Ensemble learning: Parallelize models or computations?

Hi all,

I am working on an ensemble of deep cnns with 4 GPUs.

I would like to know whether is better/faster to train each model parallelized in the 4 devices one after the other sequentially, or train each model (suppose ensemble size = 4) on each GPU.
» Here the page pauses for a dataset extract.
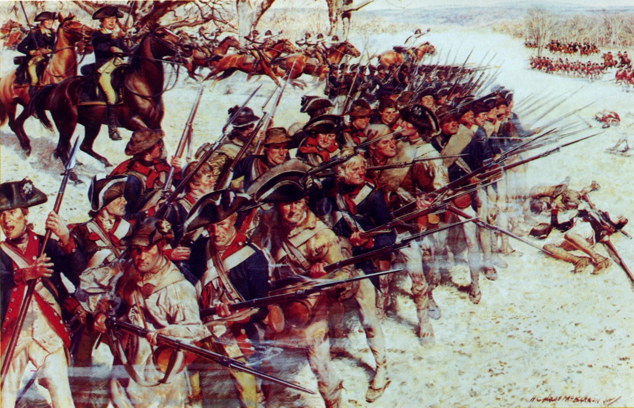 Battle of Guilford Court House

Note: All the individual networks are exposed to the entire dataset.

My current code is:

cuda = torch.cuda.is_available()
device = 'cuda' if torch.cuda.is_available() else 'cpu'
gpus = True if torch.cuda.device_count() > 1 else False

# torch.cuda.device_count() = 4

ensemble = []
optimizers = []
for i in range(ensemble_size):
    
    model = ResNet()
    optimizers.append(optim.SGD(model.parameters(), learning_rate))
    
    model.to(device)
    if gpus: model = nn.DataParallel(model)
    ensemble.append(model)

If it is better each model on each GPU, would this be correct?

    if gpus:
        with torch.cuda.device(i):
            model.to(device)
            # model = nn.DataParallel(model) ## I can't parallelize the batches know right?
       ensemble.append(model)
  • With model.to(device) am I parallelizing each model in the 4 GPUs of the device?
  • I cannot make use of nn.DataParallel(model)to distribute the batches on the GPUs since each GPU has to run the entire dataset for each model right?

Thanks a lot and sorry for the long post!